Computational Techniques
Course Objective:
The student will get familiarised with Linux operating system, basic data-visualisation softwares, and will learn how to simulate some simple statistical ensembles in computer, for example, Ising models, spatio-temporal dynamics of molecules and fluid systems.
Learning Outcome:
LO-1: The student will learn how to use command-line interface to write codes in open-source platforms.
LO-2: The students will develop their own scripts for verifying statistics of different ensembles using Monte-Carlo method.
LO-3: They will benchmark phase-transition phenomena using Molecular dynamics algorithms for structureless particles.

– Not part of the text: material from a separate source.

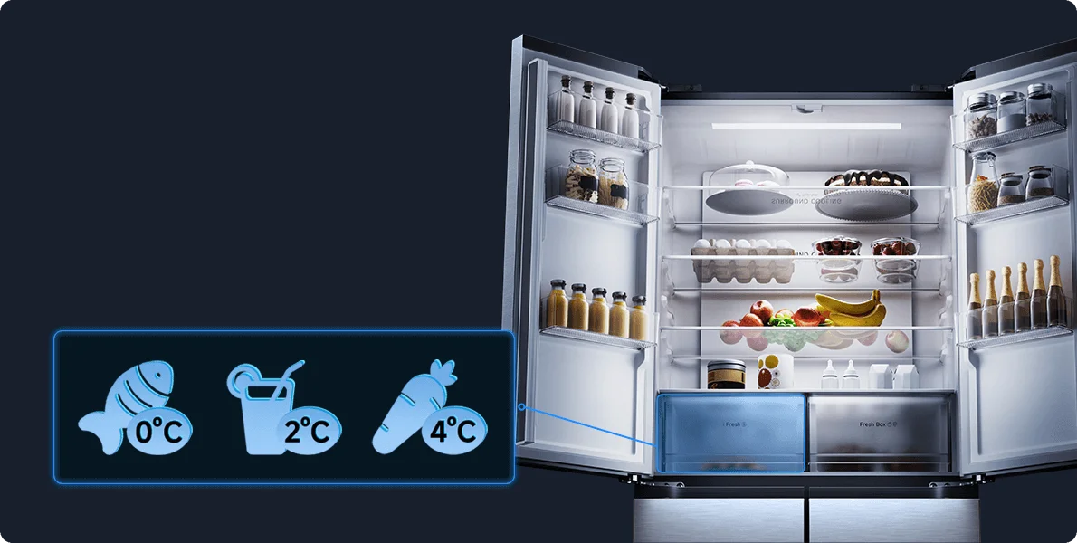 Hladnjak se neprekidno nadzire 24/7 za vašu bezbrižnost. Ako vrata ostanu otvorena dulje od 2 minute, aktivirat će se alarm, a putem aplikacije Xiaomi Home bit će poslana obavijest – kako bi vaša hrana ostala svježa, a potrošnja električne energije niža.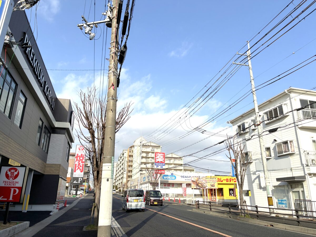 反対を向くとこんな感じ。「カレーのチャンピオン 神戸西店」なども近くにあり、少し進むと「羅生門」やスーパーマーケット「マルアイ」なども見えてきます。

LO-4: They will be able to compare growth rates of fluid instabilities using different spatiotemporal discretisation techniques.
Course Content:
Unit I: Introduction to computer simulation
Setting up Linux environment, compilers, editors etc
Basic Linux commands
Working knowledge of shell-scripting
Revision of numerical methods
Simple user-graphics interface example of simulation
Unit II: Simulation of Statistical Ensembles
Basic idea of random sampling
Importance sampling
Principle of detailed-balance
Metropolis algorithm
Algorithms for grid generation
Solving 2D Ising model
Monte-Carlo algorithm for statistical physics
Unit III: Algorithms for Ordinary Differential Equations
Introduction to ODE solvers
Error analysis
Comparison between ODE solvers
Symplectic algorithms
Boundary conditions
Minimum image convension and Ewald sum
Thermostats and Barostats
Integrated quantities for statistical analysis
Unit IV: Numerical Solution of Partial Differential Equations
Equations of Fluid Dynamics
Finite Difference algorithm
Finite Element algorithm
Finite Volume algorithm
Spectral algorithms
Flux limiters
Pseudo-Spectral method
Boundary effects
Comparison of accuracy
Course Evaluation:
Internal Test 1 (25 Marks)
Internal Test 2 (25 Marks)
Internal Test 3 (25 Marks)
Final Exam (50 Marks)
Final evaluation sheet will be prepared using the best TWO out of the three Internal Tests (25+25 = 50 Marks) + Final Exam (50 Marks).
Textbooks:
A Guide to Monte Carlo Simulations in Statistical Physics, by David P Landau and Kurt Binder; Cambridge (2009)
The Art of Molecular Dynamics Simulation, by D C Rapaport; Cambridge University Press (2011)
Implementing Spectral Methods for Partial Differential Equations: Algorithms for Scientists and Engineers, by David A Kopriva; Springer (2009)